> [REQUIRED WORK]: Gather, from the data below, each line in which the word "Wien" occurs.

> [SOURCE MATERIAL]:
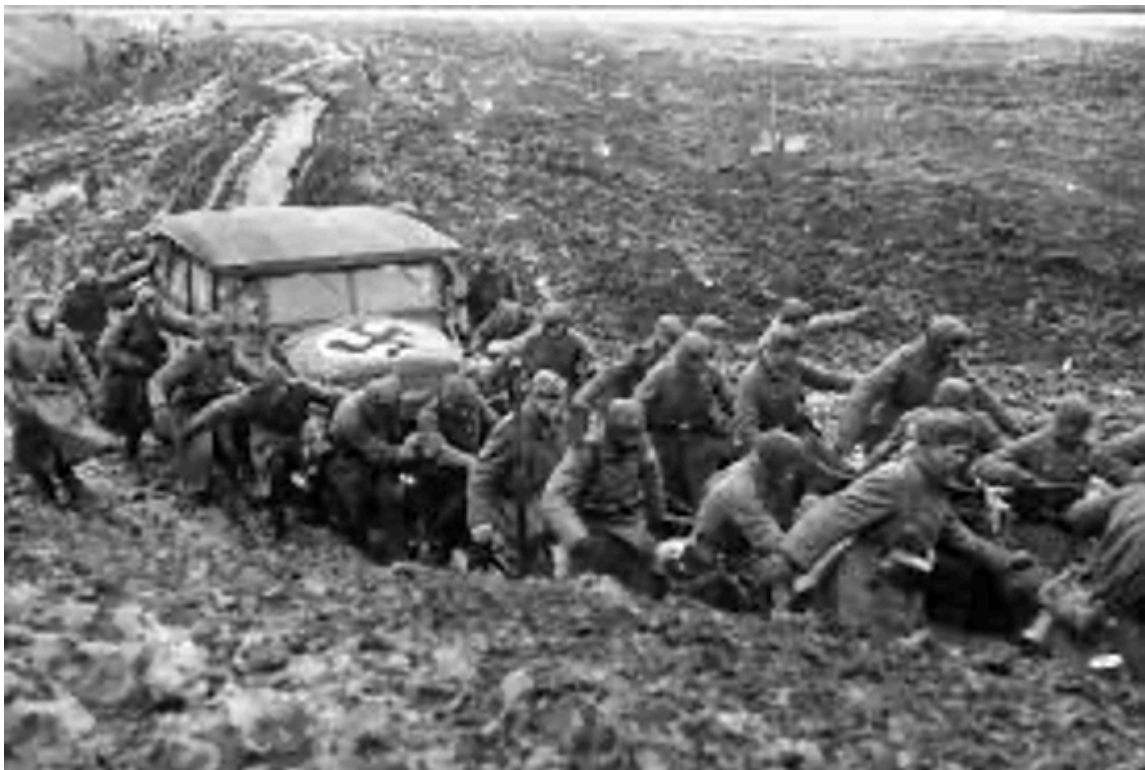
Распутица на несколько недель парализовала наступление немцев в 1941 г.

Немецкий вермахт погрузился в грязь осенью 1941 года. Он практически был остановлен. Потерянное время стало одной из причин того, что вермахт потерпел свое первое крупное поражение под Москвой в декабре 1941 года, от которого он так и не смог оправиться.
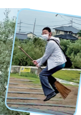
オリーブ園で 飛んだよ!
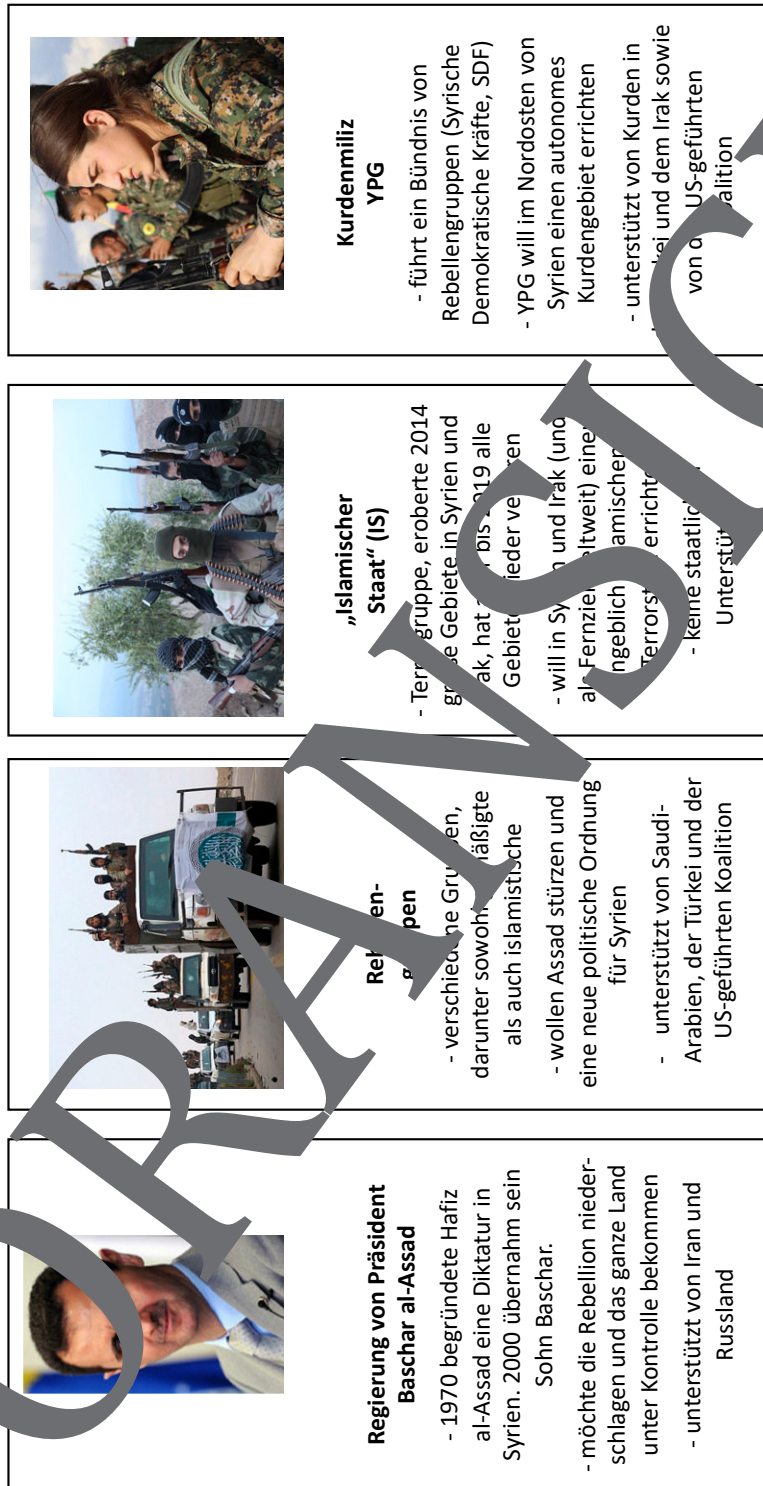
Bild: Präsident Baschar al-Assad
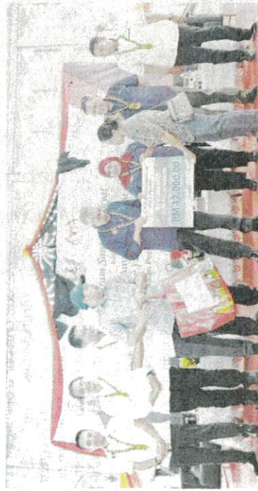
AHMAD ZAHID (lima dari kiri) sampaikan bantuan Baik Pulih Rumah kepada penerima di Sebangan, Kota Samarahan semalam.

KOTA SAMARAHAN - Seluas kira-kira 50,000 hektar kawasan di Sarawak bakal dibangunkan untuk tanaman padi, bagi meningkatkan lagi pengeluaran padi dalam negara.
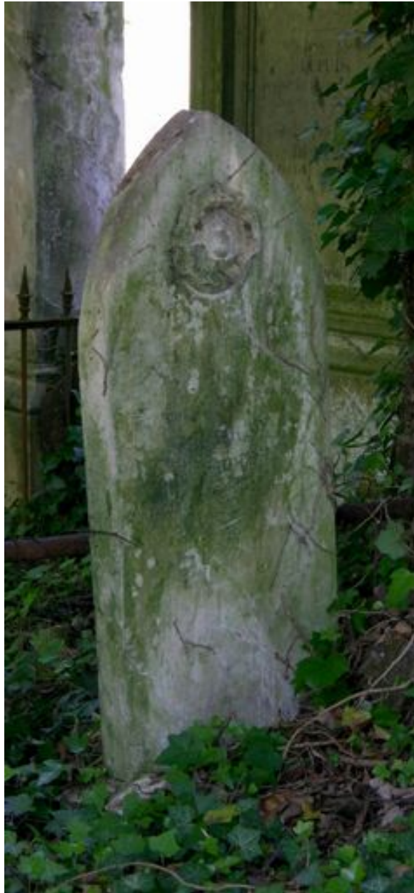
Stèle néogothique, vers 1841.
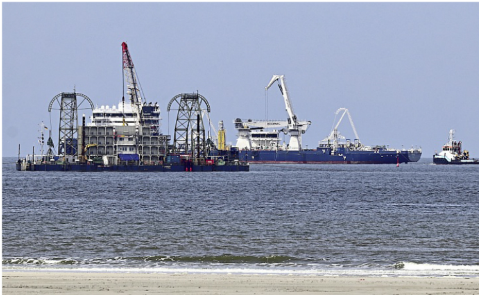
Der Kabelleger „Prysmian Marco Polo“ liefert im Hintergrund das Seekabel an, das mithilfe der „Barbarossa I“ verteilt wird.

Auch der Bereich der ausgelegten Kabel wird zeitweise abgesperrt. Nachdem die Kabel mit Seilwinden von der Inselmitte in die vorinstallierten Kabelschutzrohre eingezogen
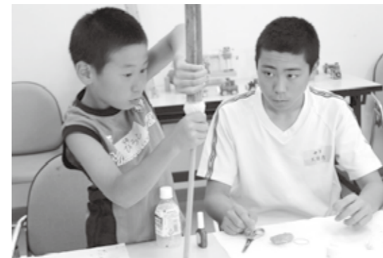
上山田支部「こどもわくわく事業」地域のボランティア&中学生のお兄さんと工作で交流
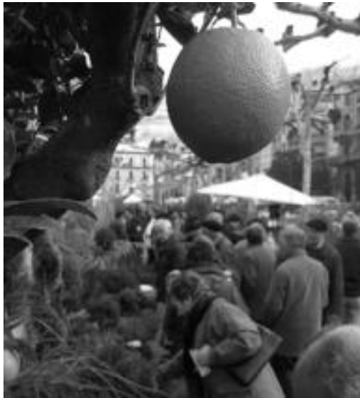
luz, San Frantzisko ibilbidean egin zuten Azoka Berezia. I. GARCIA

Aurtengoan, San Blas Eguna iristearekin batera etorriko zaigu urteko lehenbizikoa. Hala, bihar goizean goizetik Triangulo plaza zuhaitzez, zuhaixkaz eta bestelako landarez beteko zaigu, XII. Zuhaitz Egunean. Bertan, ez dute hutsik egingo urteroko mintegiek, eta mintegi berriak ere
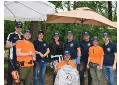
Bogenschießen der IPA-Wien

(Wild) in einem Waldstück mit Pfeil und Bogen zu beschließen. Obwohl der Spaß und das Kennenlernen im Vordergrund standen, führte die Punkte-zählung natürlich zu einer Reihung, welche für die IPA-Wien sehr erfreulich ausfiel. Zusammengefasst: Ein großartiges Erlebnis, Spaß und ein Brückenschlag der IPA-Wien nach außen hin! Vielen lieben Dank Andy!!
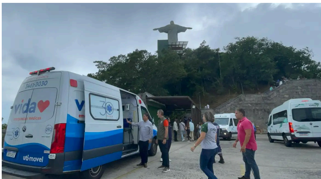
Homem de 54 anos passou mal; família diz que posto estava fechado

A revitalização e as obras de acessibilidade serão feitas em duas fases. A primei-
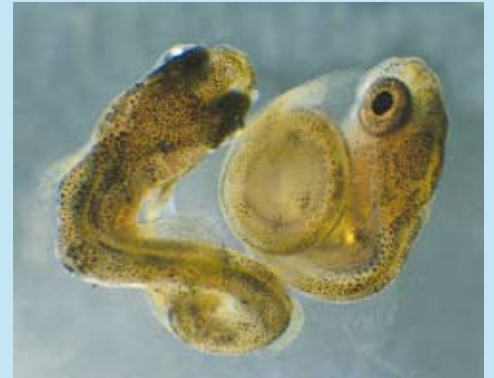
Yngel av røye viste misdannelser etter å ha fått PCB-holdig fôr.
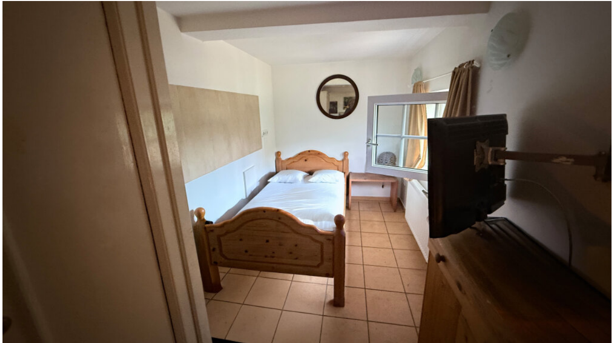
Zimmervermietung - Gästezimmer 5
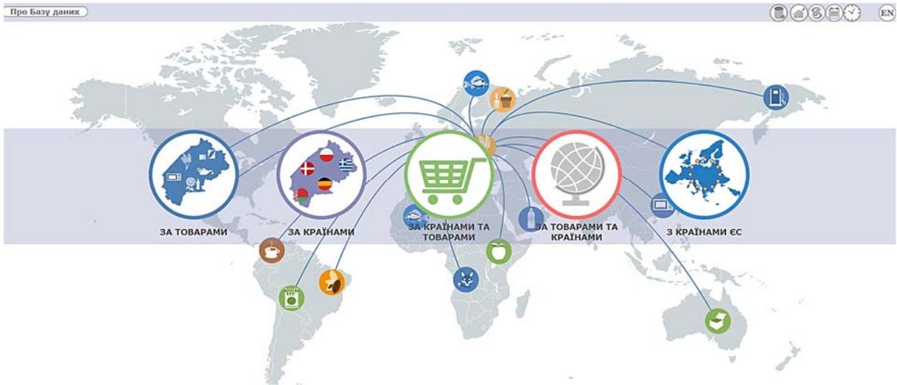
Рис. 1. База даних «Зовнішня торгівля товарами Львівської області»
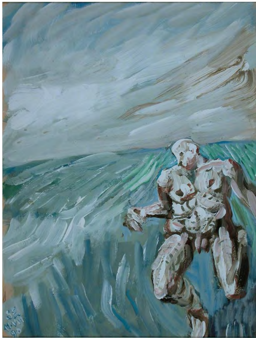
Бегуны в полях Ван Гога. Акриловые краски и акварель на картоне. 30,4 x 23 см. Париж. 1990 г.
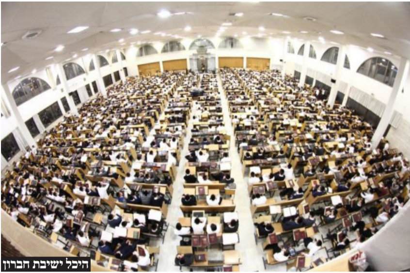
היכל ישיבת חברון

סוגיית גיוס בני הישיבות מסעירה את המדינה בימים אלו, וזה הזמן לצלול לאינטרסים הסמויים של מי שמלבים את האש ועומדים מאחורי הקמפיילים סביב הנושא שקורע את הציבור בישראל. ספוילר: אף אחד מהם לא באמת מעוניין בגיוס חרדים באמת. למעשה, חלקם הגדול חושש מהשתלטות חרדית על הצבא ומשתמש בסוגיה הרגישה בכדי לפרוץ את הברית שבין הציבור החרדי לציבור הימני והמסורתי בישראל. הא ותו לא.
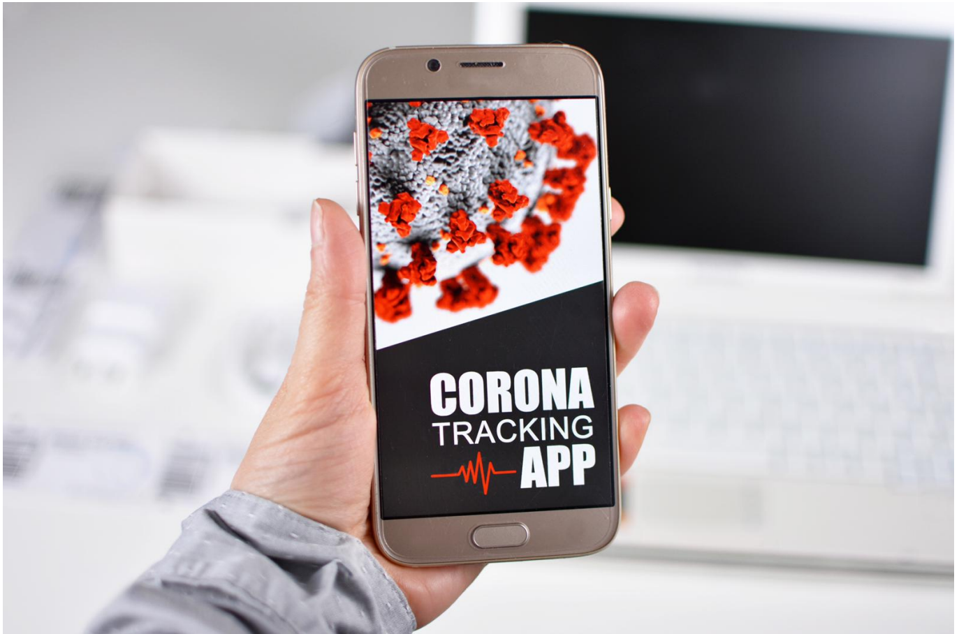
[Esempio di un'applicazione di rintracciamento Covid-19]
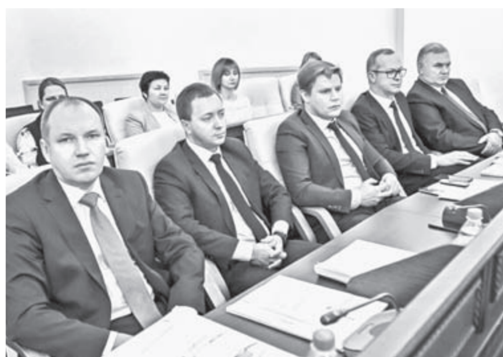
Новые члены правительства на сессии.

– По дефициту и расходам у нас замечаний нет, – сказал лидер фракции ЛДПР Владимир Семенов. – Но мы считаем, что в части доходов бюджет может быть иным. У фракции нет оснований голосовать против. Хотим отметить, что состоялся корректный диалог с прави-
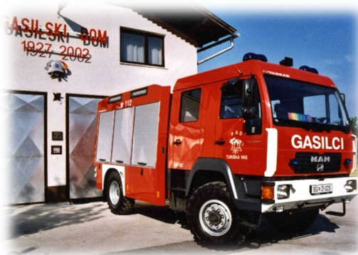
2002: GVC 16/15 MAN
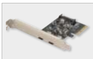
PCIe USB 3.1 Card Type-C™
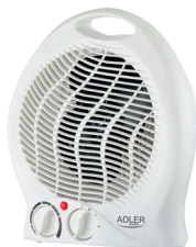
FAN HEATER AD 7728
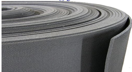
Isolon 300 рулон

Минимальная сумма отпуска товара - от 2 000 руб.
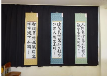
書道部の生徒作品 2年選択書道の生徒作品 (2階選択教室)
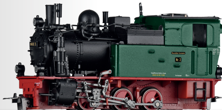
Dampflokomotive Nr. 3 der NKB Steam locomotive No. 3 of the NKB
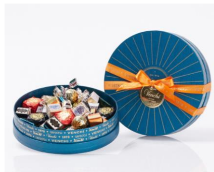
ミディウムホライズンハンパー 2 9,720円(税込)
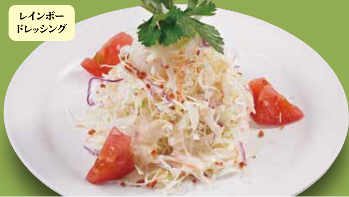
●キャベツのサラダ Cabbage Salad 卷心菜沙拉 / 양배추 샐러드 ¥253
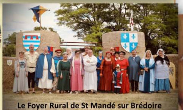
Le Foyer Rural de St Mandé sur Brédoire
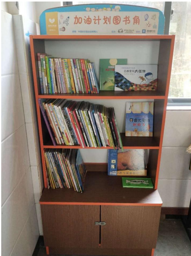
图 1| 图书角图书整齐摆放
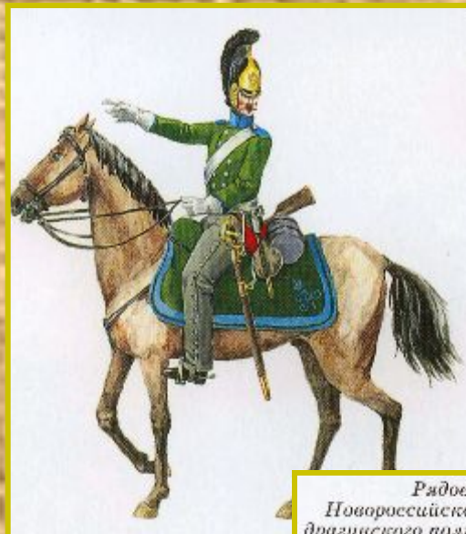
Рядовой Новоросийского драгунского полка. 1812-1814 гг.
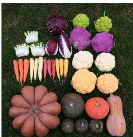
La varietà dei colori delle orticole coltivate in campo a Sant'Apollinare (Rovigo)
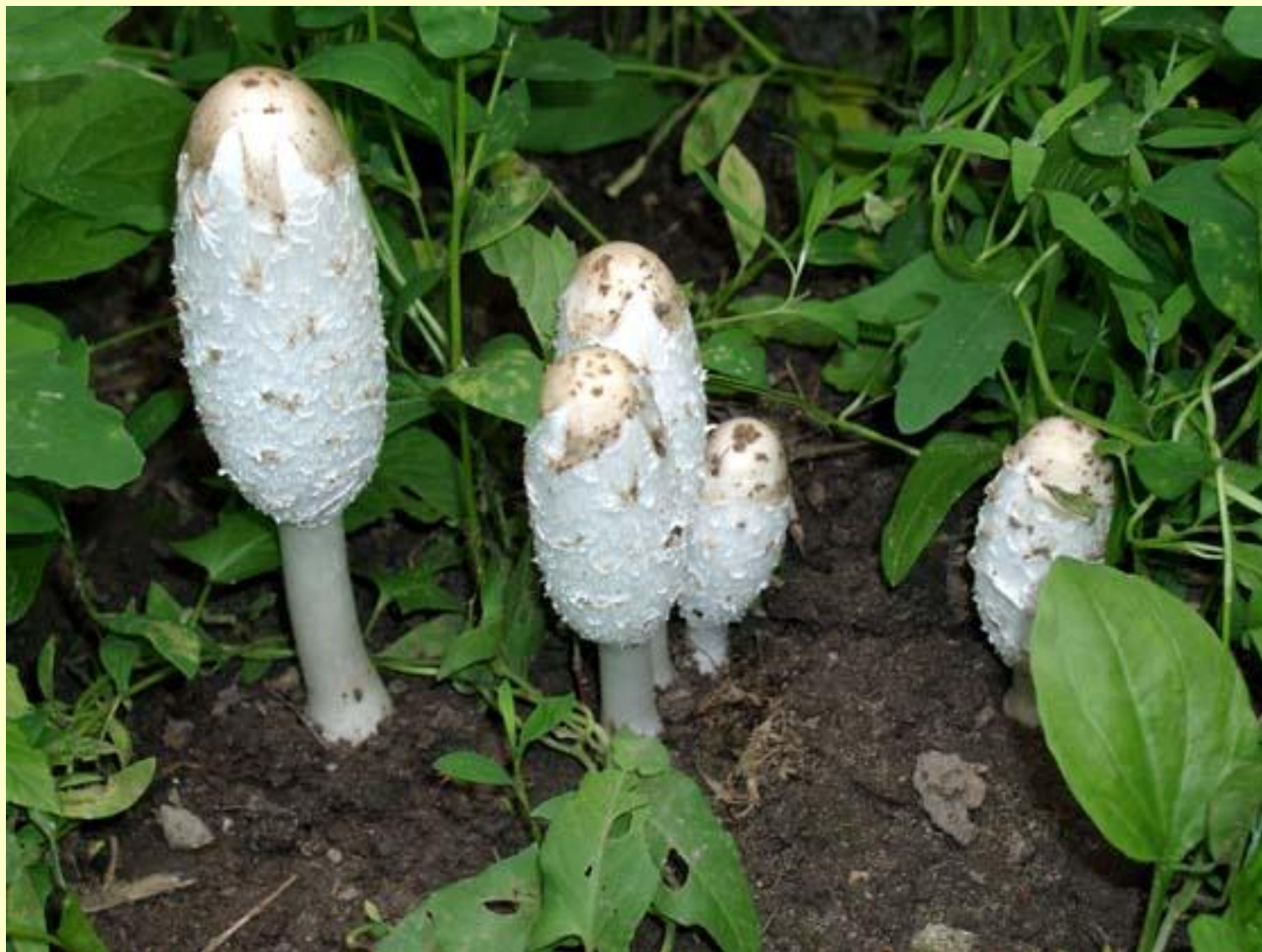
◆ Навозник белый
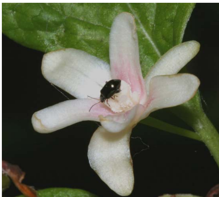
図4. チョウセンゴミシに訪花した鞘翅類
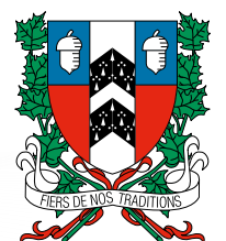
Ludovic Grisé Farand, maire

Le 7 juin, profitez de la Fête du voisinage pour réunir vos voisins et partager un bon moment! Même s'il est trop tard pour demander la fermeture d'une rue, vous pouvez tout de même organiser une fête dans votre cour, votre entrée ou un des beaux parcs de la Ville. Buffet partagé, barbecue, concours de desserts, 5 à 7... toutes les formules sont permises! L'important, c'est de créer des liens et de célébrer la vie de quartier.
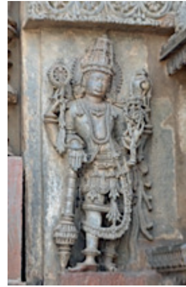
Resim 2. Vişnu, Chennakeshava Tapınağı, M.S. 1108-1152 Karnataka
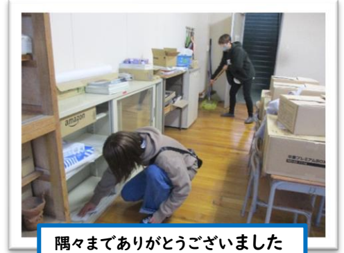
隅々までありがとうございました

12月6日(火)の放課後に、PTA環境部のみなさんに校内の環境整備をしていただきました。今年度から児童数は減りましたが、建物自体は変わらないため、子どもたちの各清掃場所の人数がへりました。それでも子どもたちの頑張りのおかげで、清潔な校舎が保たれています。しかしながら、学年室など、普段清掃できてない場所もあるため、今回は環境部のみなさんにご協力いただきました。手際よく、短時間にとってもきれいにいただきました。ありがとうございました。
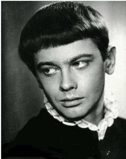
Александр Демьяненко на пробах роли Гамлета
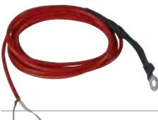
ACG4666 SONDA per riscaldamento motore (per partenze immediate con temperature rigide)
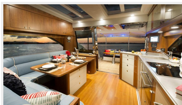
54 Belize Sedan 5
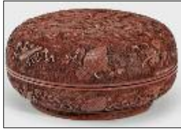
Große Dose mit Drachen und den Attributen der Acht Unsterblichen, China, 18. Jh., Roter Schnitzlack

> [EXPECTED OUTPUT]:
Bogenschießen der IPA-Wien
(Wild) in einem Waldstück mit Pfeil und Bogen zu beschließen. Obwohl der Spaß und das Kennenlernen im Vordergrund standen, führte die Punkte-zählung natürlich zu einer Reihung, welche für die IPA-Wien sehr erfreulich ausfiel. Zusammengefasst: Ein großartiges Erlebnis, Spaß und ein Brückenschlag der IPA-Wien nach außen hin! Vielen lieben Dank Andy!!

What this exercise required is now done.